I made myself stay till my child graduated school, I wanted him to have both parents around. So I am finally ready and literally the same week I am going to tell my husband my son announced he has asked his girlfriend to get married. So how can I say anything now? He would be devastated (my son).

Can I be that selfish now after waiting so long or is it OK to leave?


----------



## 225985 (Dec 29, 2015)

Your son is a man now. Stop using his wedding as an excuse. 

I am sexless to for that long. Leave him.


----------



## Andy1001 (Jun 29, 2016)

blueinbr said:


> Your son is a man now. Stop using his wedding as an excuse.
> 
> I am sexless to for that long. Leave him.


All your old threads are deleted so I never knew anything about you other than the very helpful advice that you gave me.Man,to go that long without any intimacy must be hell,why do you do it,you are only fifty.


----------



## brooklynAnn (Jun 29, 2015)

I don't believe in bidding your time to leave. Have a frank conversation with your H. Let him know your time line and see if you guys could start working on your separation. Your son is old enough to understand what has been happening in your marriage. He is old enough to accept that his parents will be divorce. It will hurt him if you do it now or 10 years later. All kids gets disappointed and hurt when their lives changes.


----------



## Not sure anymore (Oct 10, 2015)

Maybe sons wedding was just easy way to put it off. Being single after so long is kinda scary. It's not the financial part that scares me I can support myself it's actually being alone and having to think about getting out there again. I have been faithful throughout my marriage. It's hard not to wonder if it is just me.


----------



## SunCMars (Feb 29, 2016)

I am happy that others see the futility of celibacy. 

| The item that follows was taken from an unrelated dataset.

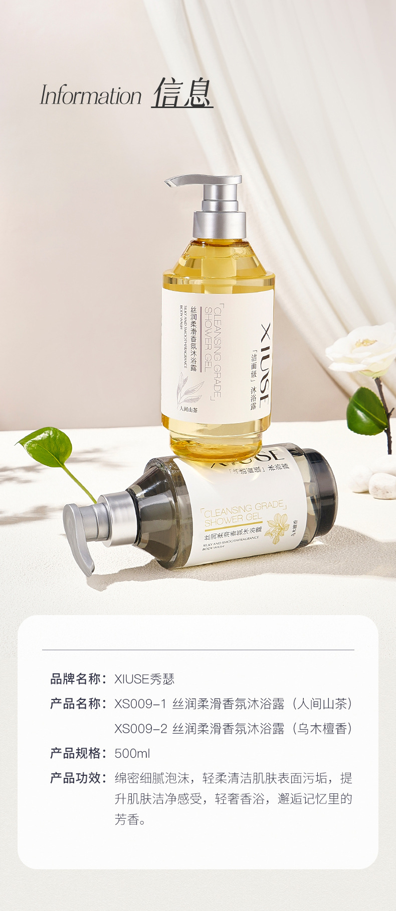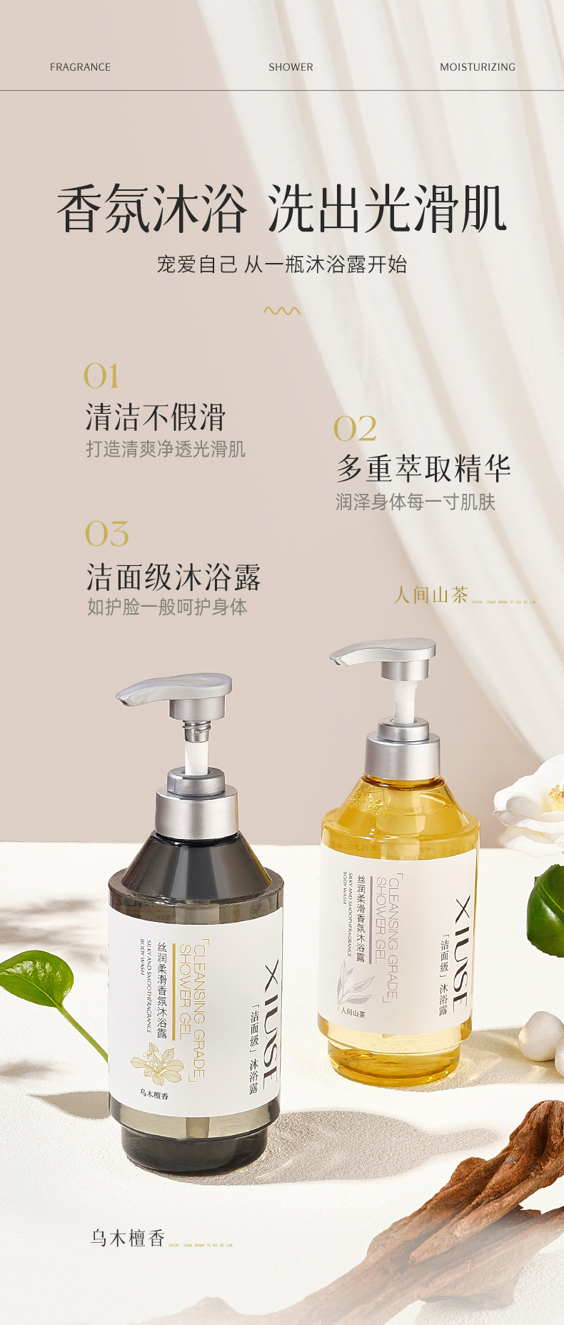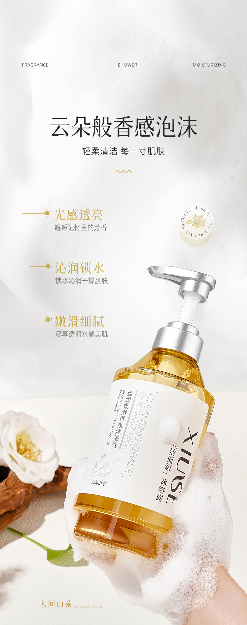 秀瑟のしなやかな香りの入浴剤は綿密で繊細で柔らかい肌を潤い、保湿、香りが持続します。

Sometimes it cannot be avoided. 

You are @Not sure anymore. However, we three TAM RAMMERS are sure. More will pop in and concur. 

File for Divorce...Now.

A warm heart, a set of arms, a set of warm lips and a hard, loving man awaits you.

Git er Done!


----------



## Síocháin (Mar 11, 2016)

I was married for 20 plus years and I have no children. My divorce will be final in July. I was in a sexless marriage for the past 6 years and he barely touched me before then unless it was for sex and those awful peck kisses.....UGH! So, about 10 years too. 

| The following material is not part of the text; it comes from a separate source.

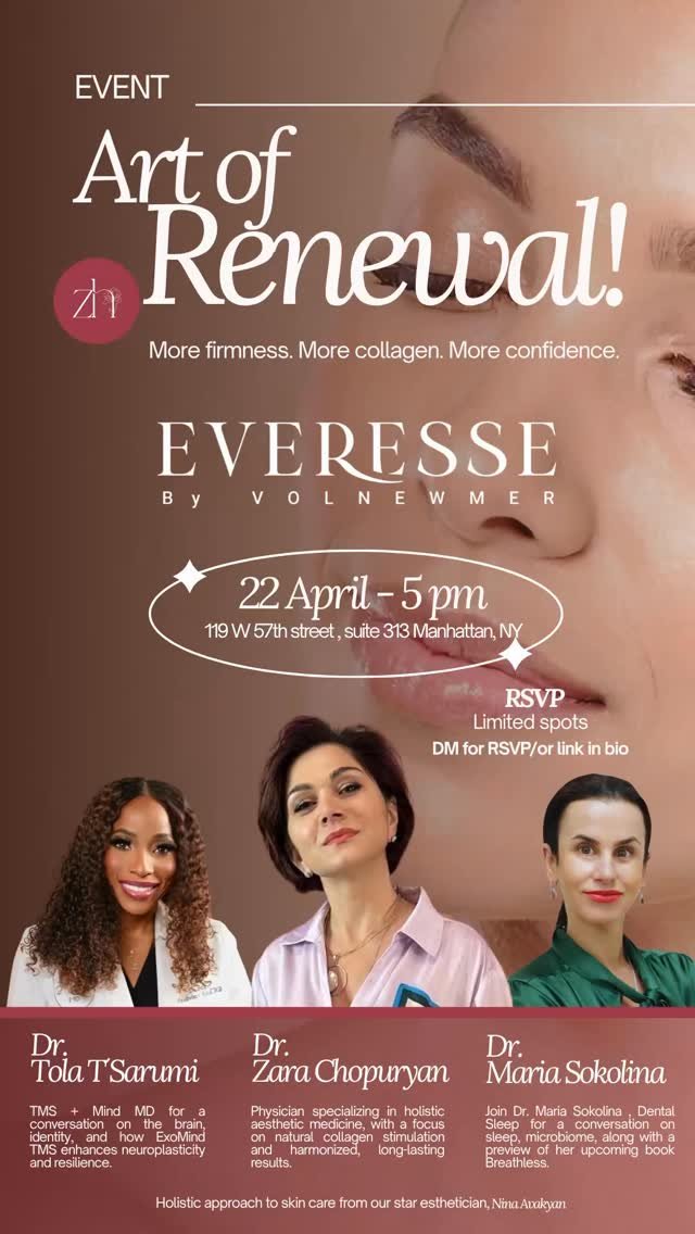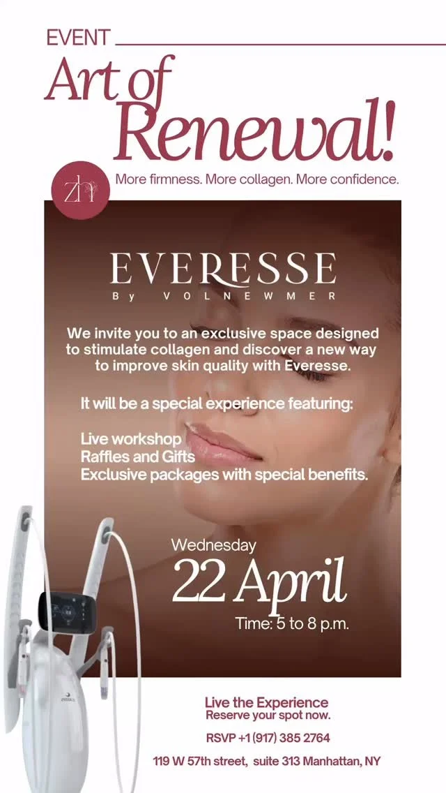 And I’ll share my approach to natural, modern rejuvenation — including a live look at Everesse by Volnewmer, a next-generation technology that helps support and restore collagen in a gentle, natural way.

Do this now. If you want to try one last time, give him a timeline and what you expect. Then, enforce it. This has nothing to do with your son. It may be a couple of years before they even set a date. 

You got this!


----------



## Not sure anymore (Oct 10, 2015)

I know those peck kisses. I get three a day, 1 in morning, in evening when he gets home and one before bed. Hate them and the half hug where he barely puts his arms around me. Basically taps me on the shoulders. I have talked till I'm blue in the face. H sees nothing wrong with the way things are.


----------



## Not sure anymore (Oct 10, 2015)

Was it hard to be on your own after so long?


----------



## Síocháin (Mar 11, 2016)

It was scary to begin with. But I have a good support system and the members of TAM can help you too. Now I'm excited because this is the first time in my life that I am truly on my own and taking care of myself. It's a good feeling.


----------



## Cooper (Apr 18, 2008)

Not sure anymore said:


> Maybe sons wedding was just easy way to put it off. Being single after so long is kinda scary. It's not the financial part that scares me I can support myself it's actually being alone and having to think about getting out there again. I have been faithful throughout my marriage. It's hard not to wonder if it is just me.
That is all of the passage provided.